KR100848629B1 - Apparatus for self-transforming magnet abided by a shape of steel plates - Google Patents

Abstract

The present invention relates to a magnet device that can be deformed according to the shape of a steel sheet that can deform the magnet constituting the magnet crane used for the piling operation of the steel sheet to automatically attach the steel sheet to the surface curved portion of the steel sheet.

To this end, the present invention includes a pair of magnets hinge-coupled with each other through a hinge part by embedding an independent electrical connection terminal and a plurality of independent iron core coils;

A pair of slider fixing pieces fixed to the upper inner surfaces of the pair of magnets and hinged to each other through a hinge portion, and a rhombic slider positioned on a central space formed by the pair of slider fixing pieces hinged to the hinge portion. It provides a magnet device that can be deformed according to the shape of the steel sheet, characterized in that it is composed of a magnet shape holding portion consisting of.

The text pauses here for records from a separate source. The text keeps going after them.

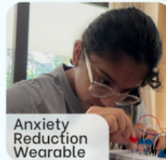
Anxiety Reduction Wearable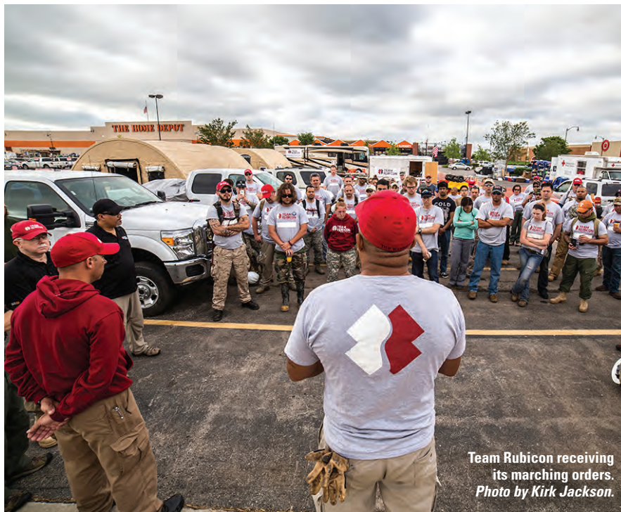
Team Rubicon receiving its marching orders.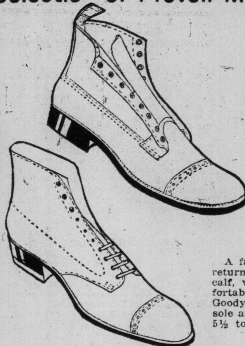
A favorite boot with returned men's in black calf, with broad, comfortably-fitting toe, Goodyear welted leather sole and low heel. Sizes 5 1/2 to 11. Pair, $6.50.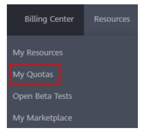
Figure 5-1 My Quotas

4. View the used and total quota of each type of resources on the displayed page.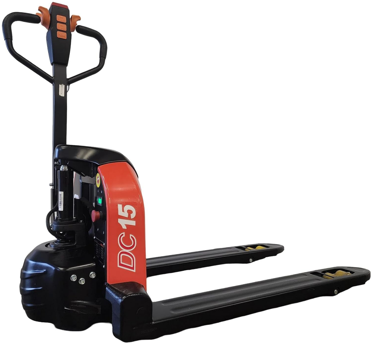
Figure 1: HELI Electric Pallet Jack CBD15B-LiH. This image shows the overall design of the electric pallet jack, featuring its red and black body, control handle, and forks.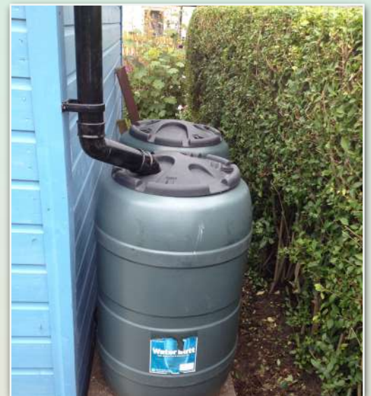
Water recycling system. Water Butts drain into a bespoke tap ready to fill watering cans.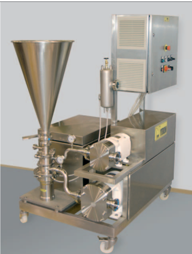
YTRON-ZC ViscoTron for high viscosities and/or high solids ratio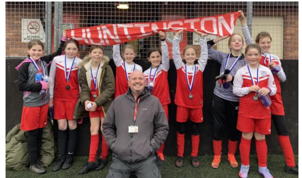
Girls' football team – county runners-up!

This term our pupils have taken part in a netball tournament and several football fixtures (league and cup, both boys and girls teams). While our girls team has won all their local league matches, the undoubted highlight was their participation in the county finals at Crewe Alexandra's training ground. A series of excellent performances culminated in a place in the final itself. Against a very strong opponent, tiredness eventually told, but a place as county runners-up is a tremendous achievement worthy of celebration.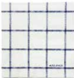
MARINE ART NO: 2019-42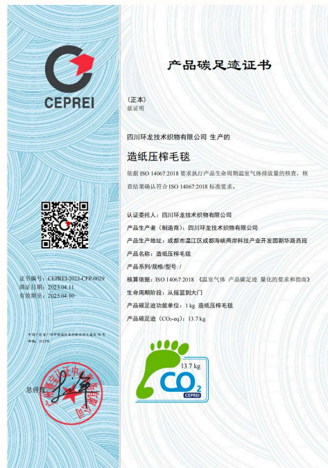
碳足迹测算證書 — 技術織物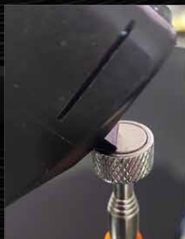
Steel rear tooth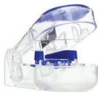
Equate Ultra Pill Splitter and Pill Cutter with Retracting Blade Guard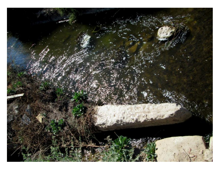
Fig.6: Divider of Albinella. Photograph by D. Aviñó. 2013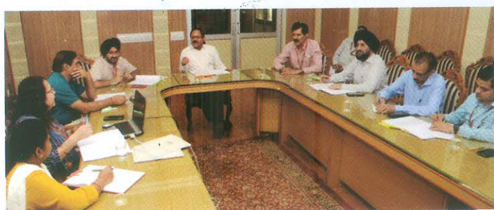
35 th GB meeting of SMVDCoN.

It was informed that the first batch of students of the college will pursue their internship training at the Narayana Health Group of Hospitals at Bangalore, Delhi and Jaipur and other places in the country. The internship of the first batch of the SMVDCoN, which is passing out next year, will commence from January 2020.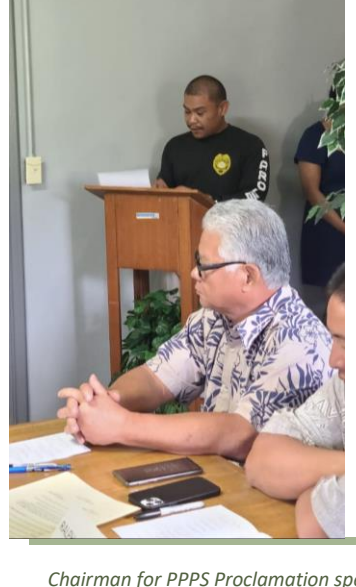
Chairman for PPPS Proclamation speech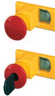
Emergency-Stop twist or key to release, red on yellow background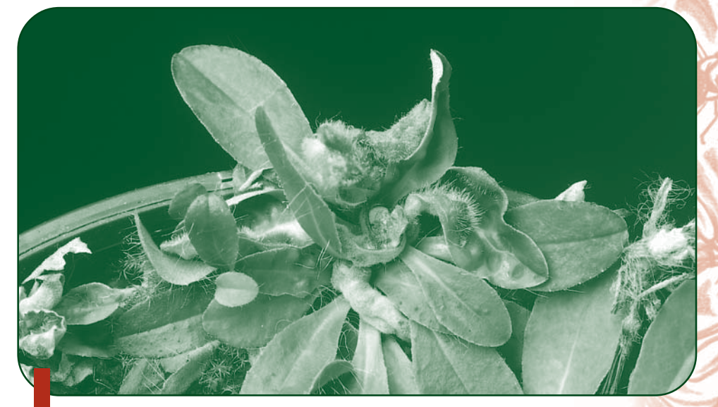
Typical gall midge damage.

The midges have been released at 12 sites this season (see table over page) and most of these were made possible by funding from the Hieracium Control Trust. Because the adults are fragile and short-lived (2–13 days) the best way of releasing them seems to involve planting out infested plants. We will continue to mass-rear the midges for at least another couple of years (enquiries to Lynley Hayes, hayesl@landcareresearch.co.nz or Ph (03) 325-6701 ext 3808).

In this way, the present invention is because the flexible magnet is freely deformed automatically according to the shape of the steel sheet even if the steel sheet is deformed into a curved shape due to errors in the manufacturing process of the steel sheet to increase the contact area with the steel sheet pile (loading) and transfer It brings the effect of preventing the fall of steel sheet during work.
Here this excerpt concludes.